Очевидно, что ритуал мирной жертвы, включающий совместную трапезу, является лишь одним примером из общей картины представлений о взаимоотношениях человека с Богом, явленной нам в корпусе Торы, однако рассмотрение других тем выходит за рамки настоящей статьи.

Процесс формирования раввинистического иудаизма после разрушения Второго Храма включал в себя изменение основных культурных стереотипов, характерных для еврейского общества. Вскоре после 70-го г. исчезает еврейское историописание, развитое как в эпоху Второго Храма (538 г. до н. э. – 70 г. н. э.), так и в более древний период. Это дает исследователям основание говорить о кризисе исторического сознания евреев на волне катастрофы, постигшей еврейский народ в ходе Иудейской войны (66–73 гг.), восстания в диаспоре (115–117 гг.) и восстания Бар Кохбы (132–135 гг.). В ранней раввинистической литературе, которая создается во II–VII вв. н. э. и традиционно носит название «Устная Тора», появляется новое понимание Торы, несвойственное Торе письменной (еврейской Библии). Если в Библии Тора представлена как свод правил, дарованный Моисею на горе Синай и в скинии собрания, то в ранней раввинистической литературе господствует представление как о предвечности Торы, так и о ее вечном существовании в грядущем мире (олам ха-ба). Эта перемена в восприятии Торы еврейской мыслью представляет гигантский сдвиг в сознании общества и его интеллектуальной элиты, каковой в ранний раввинистический период являлись «законоучители» (рабби), мудрецы эпохи Мишны и Талмуда, которых принято также называть хазаль.

Новая эпоха ставила новые задачи перед интеллектуальной элитой: требовалось развитие герменевтических подходов к толкованию библейских текстов и новой культовой практики. Основное служение поклонения Всевышнему в синагоге совершалось не посредством принесения жертв, заповеданных в библейскую эпоху, а посредством совершения молитв. Последние, являющие собой непосредственное общение человека с Богом, возносились в те же часы, когда в ранее существовавшем Храме совершались жертвоприношения. Молитва стала постоянной формой богослужения, осуществляя которое каждый отдельный представитель еврейского народа может исполнить заповеди Всевышнего. Для основоположников раввинистического иудаизма, живших и творивших в новую эпоху после разрушения Храма, возможность совершать предписываемые Торой жертвоприношения отсутствовала в принципе. Известно о существовании двух основных направлений развития еврейской мысли в этот период: Мишна – изучение общих юридических принципов, не сопровождаемых ссылками на библейские источники, и мидраш – объяснение древнего библейского текста, прежде всего Торы, применительно к изменившемуся культурно-историческому контексту. Большинство современных исследователей полагает, что Мишна, состоящая из шести разделов, возникла на основании предметно-тематической организации материала и получила окончательную форму под руководством р. Иегуды Патриарха (Иегуды ха-Наси) около 200 г. н. э.. С Мишны берет отсчет раввинистическая эпоха, во время которой складывается нормативный иудаизм, период таннаев сменяется периодом амораев. В Пирке Авот (или просто Авот), последнем трактате четвертого раздела Мишны (Незикин) говорится со слов рабби Акивы:

…все дано под залог; над всею жизнью раскинута сеть, лавка открыта, владелец дает в долг, и книга открыта, и рука записывает; и всякий, кто хочет одолжить, может прийти и одолжить; но взыскивающие постоянно, ежедневно приходят и забирают долг, с ведома ли человека или без ведома, – есть у них основания на то; и суд – суд правый, и все приготовлено к пиру (Авот 3.16).

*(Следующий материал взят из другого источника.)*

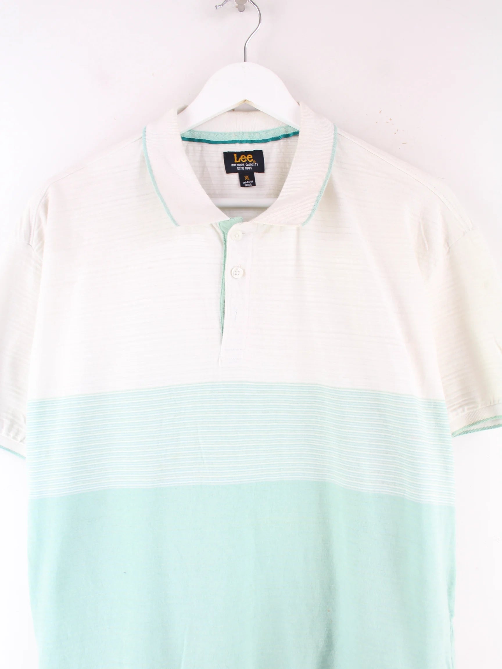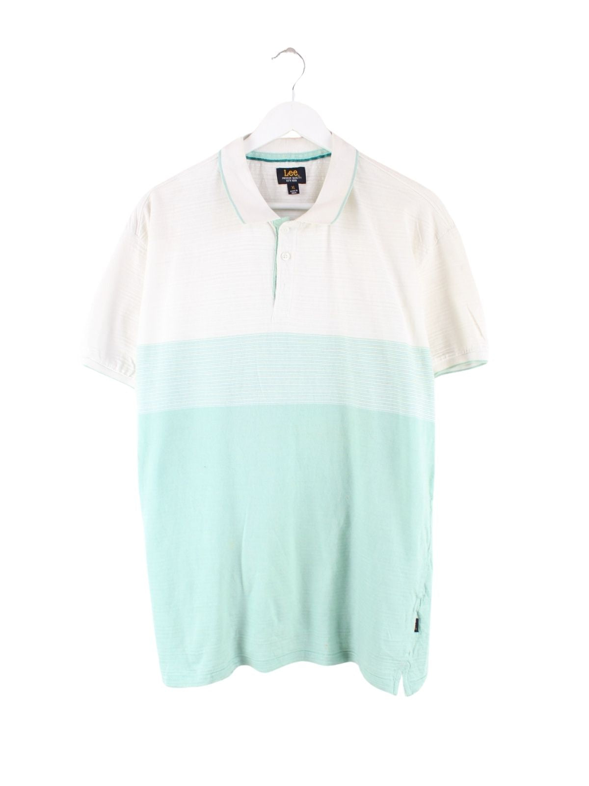 Poloshirt der Marke Lee in Größe XL. Es ist aus Baumwolle hergestellt und in Türkis bei uns vorrätig.

Здесь идет речь об ответственности, что лежит на человеке в этом мире, о милости Всевышнего и о свободе выбора, данной каждому. Основа правильных взаимоотношений, представленная в корпусе Торы письменной, получает толкование в Торе устной. По завершении земного пути человека ждет суд и взыскание долга, а после этого всех, пра ведных и грешных, ждет своя доля в будущем мире – праздничная трапеза, приготовленная на основании того, что человек обрел в этом мире.

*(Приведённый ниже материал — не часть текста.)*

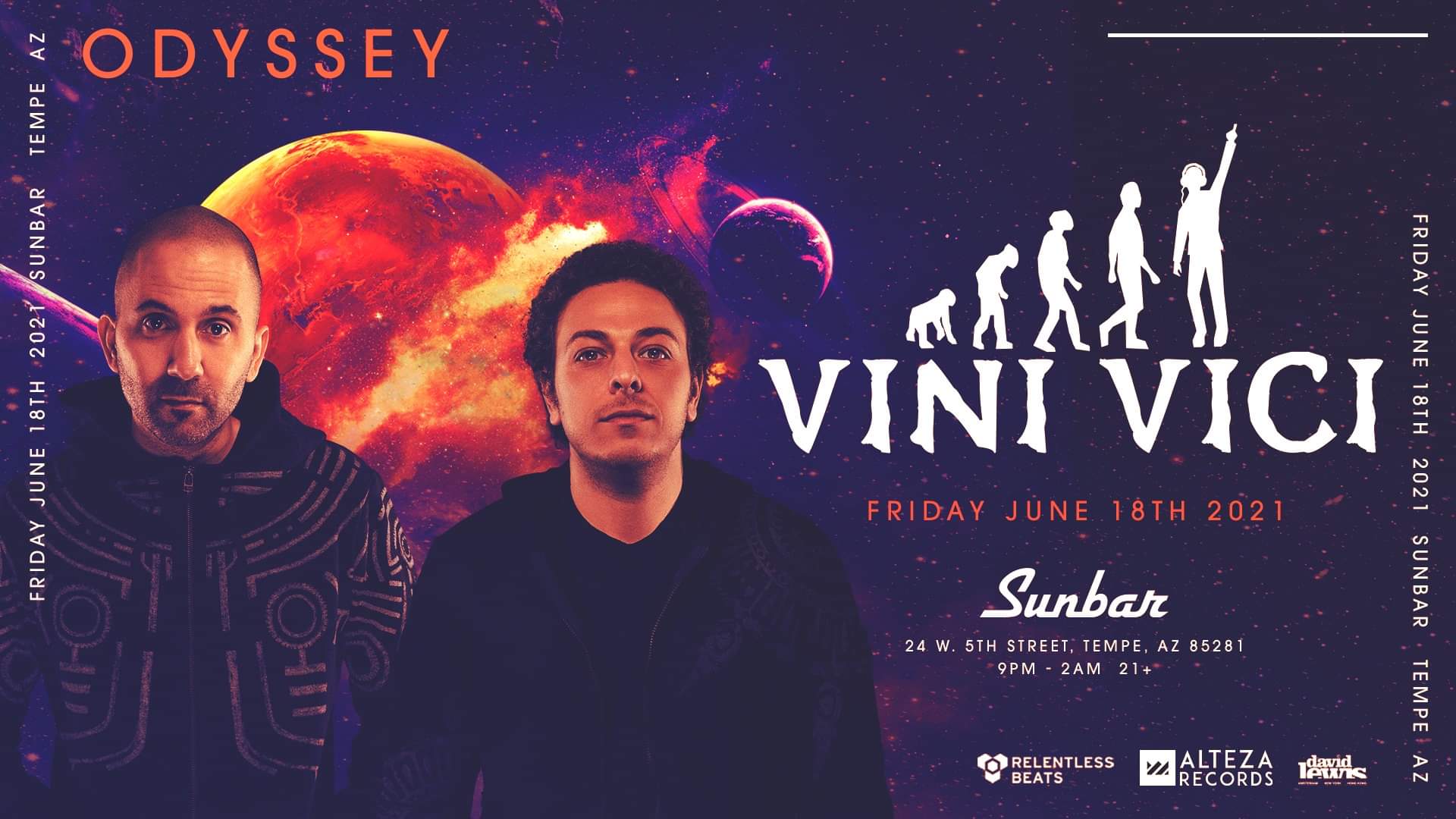 Voyagers! Join us on our next Odyssey as Vini Vici makes their long-awaited Arizona debut on Friday June 18 at Sunbar ☄ Tickets on sale now at http://rb.ht/ViniVici21 For table service reservations and pricing, please call (480) 408-5010

Мидраши таннаев, также имеющие палестинское происхождение и представляющие собой комментарии на Священное Писание, датируются концом IV – началом V вв. Большая часть агадических мидрашей была создана в Палестине и отредактирована, в основном, в V–VII вв.. Ваикра Рабба (толкование на книгу Левит) также является древним палестинским сборником мидрашей, датируемым 400–500 гг.. Согласно этому мидрашу:

…в будущем будут отменены все жертвоприношения, но жертва благодарения останется в силе , будут отменены все молитвы кроме молитвы благодарения (Иер 33:11): «Будет слышен голос радости и голос веселья, голос жениха и голос невесты, голос говорящих: славьте Господа Саваофа, ибо благ Господь, ибо вовек милость Его» – речь идет о благодарственной молитве; «и голос приносящих жертву благодарения в доме Господнем» – это жертва благодарения. И Давид тоже говорит: «…На мне Боже обеты Твои: Тебе воздам хвалы» (Пс 55:13) – не «хвалу», а «хвалы», то есть благодарственную молитву и жертву благодарения (Ваикра Раба 9.6).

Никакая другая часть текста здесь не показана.